第3話
「おい、そろそろ時間だぞ」
緒方さんにそう言われて、薄暗い工場の柱に掛かる時計を見た。
時刻はまだ四時前で、学校が始まるまで一時間以上ある。
「まだ大丈夫です」
ここから学校まで、着替えの時間を入れても三十分あれば間に合うし、作業は中途半端な状態だった。
「ばーか、シャワーを浴びなきゃ、汗臭いと女の子に嫌われるぞ」
最近、かなり暑くなってきた。
確か去年の夏も、その前の年も、似たようなやり取りをした気がする。
僕には特に親しい女の子もいないし、せいぜい挨拶を交わすくらいだから余計な心配だと思うけれど、ふと、あの子のことが頭に浮かんだ。
「ほら、後はやっとくから」
背中をポンと叩かれる。
「頑張ってこいよ」
「お疲れー」
僕の働く職場は、随分と恵まれた環境だと思う。
町の小さな自動車整備工場。
社長の他は、僕を含めて五人の男性社員と、事務を担当するおばちゃんが一人いるだけだ。
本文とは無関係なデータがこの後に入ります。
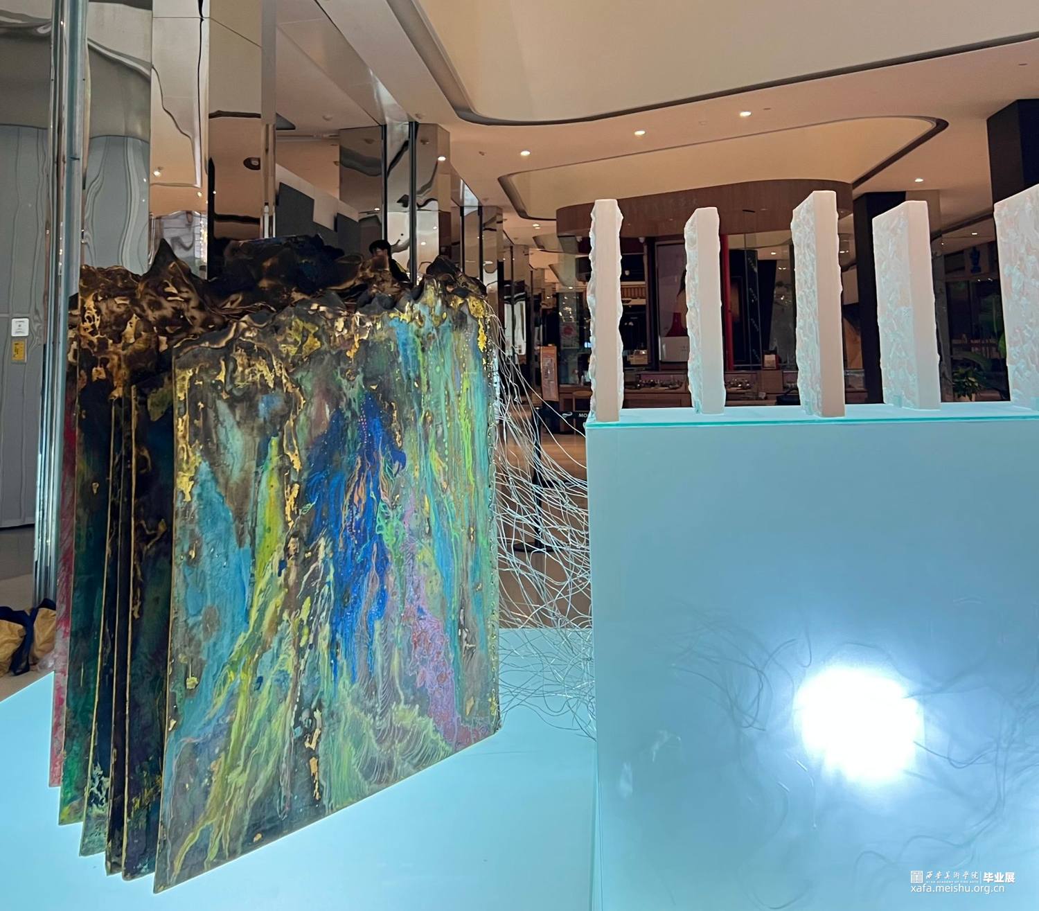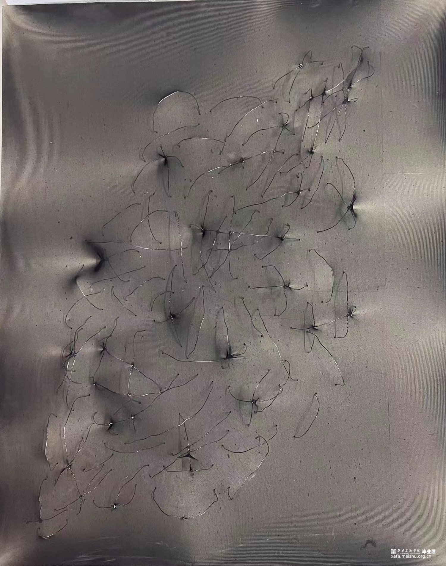 张妍:“我的这个部分是我理解的痕,这里的痕更多的是指伤痕,我产生创作这个作品的想法是因为我发现随着年纪的增长,我们心灵承受的东西越来越多,就像大家说的心累,身体遭受的是可以被看见的伤,伤好了之后有时也会留下一道清晰的疤痕,但是在心灵中的精神上的伤痕是无法被看到,甚至有时是无法开口诉说的,于是我就想通过不同的材料,不同的创作手法来表现这些无法被看到的伤痕,在材料选择上,我是比较贪心的,因为伤痕不是一种样子,它是多种多样的,同时考虑到观赏的趣味性,希望每一页带给大家不同的感受。"

僕はまだ戦力として未熟だけど、それでも五人のうち一人が抜ける影響は大きい。
なのにみんな、快く送り出してくれる。
中学を卒業してすぐにここで雇ってもらった。
車に多少の興味がある、家から近い、それだけの理由で知識も技術も無い。
今でも、どうして社長が雇ってくれたのか判らないけれど、とにかく僕は猛勉強して、二年目には三級整備士免許を取得した。
それは決してゴールではなく過程の一つに違いなかったけれど、取り敢えず僕は一段落つけた気になっていた。
そんなときに社長は、高校へ行け、と言ってきた。
「その歳から機械ばっかり弄ってたらダメだ。色んな人間と接しろ」
僕は、人付き合いが苦手だ。
顧客の対応も下手くそだ。
そういった点の改善を、社長は要求しているのかも知れない。
「それに、こんな野郎ばっかりの職場じゃ緒方みたいになっちまうぞ」
社長がそう言った時には、どっと工場に笑い声が満ちた。
緒方さんは五十代の独身だ。
気さくでいい人だけど、ひたすら機械を弄っているのが好きな人でもある。
「緒方は手先が器用なんだから、あっちの方も器用だと思うんだがなぁ」
社長がぼやくように呟いて、また工場が笑いに包まれた。
その頃の僕には意味がよく判らなかったけれど、みんなと一緒になって笑った。
そして笑いながら、高校で学ぶことで何かここの人達に恩返しが出来るなら、なんてことを考えたりした。
そんな予想外の展開から、今度は受験勉強をすることになったのだけど、思いの外、入試は簡単だった。
そして、もっと思いの外だったのは、高校進学を祖母が泣くほど喜んでくれたことだった。
祖母に育てられた僕は、祖母のために早く働くことが孝行だと思っていたけど、それは独り善がりな考えだったらしい。
でも、とにかく遠回りしながらでも、僕はちゃんと前に進めているようだった。
高校に進学してから二年と少しが経った。
特に人付き合いが上手くなったとは思えないし、友人も少ないままだ。
けれど、僕と同じように働くクラスメートとの会話から、共感を覚えることは沢山ある。
彼らと時間を共有しながら僕は、多くのことを学ぶのだ。
先日、いつも車検やオイル交換を任せてくれるお客さんから、「大人になったねぇ」と言われた。
それは単に身体の成長のことだけではなく、話の受け答えや表情、雰囲気について言っているようだった。
どうにかこうにか、僕は社長が望んだような方向に進めているらしい。
そしてそれは、あの、ちょっとヘンで、でもびっくりするくらい綺麗な女の子との出会いも含まれるのかも知れない。
同じ学年で同じ教室。
座席まで同じなのに、決して交差することの無い平行線のような関係。
たまたま接点が生まれたけれど、この先、何も無い可能性の方が高いだろう。
でも僕はその日、机の上に落書きがあることに気付いた。
彼女らしく綺麗で強い筆跡、でも、どこか遠慮がちに机の隅に書かれた小さな文字。
たった一言だけど、それでもそれは、僕の心を躍らせるに充分だった。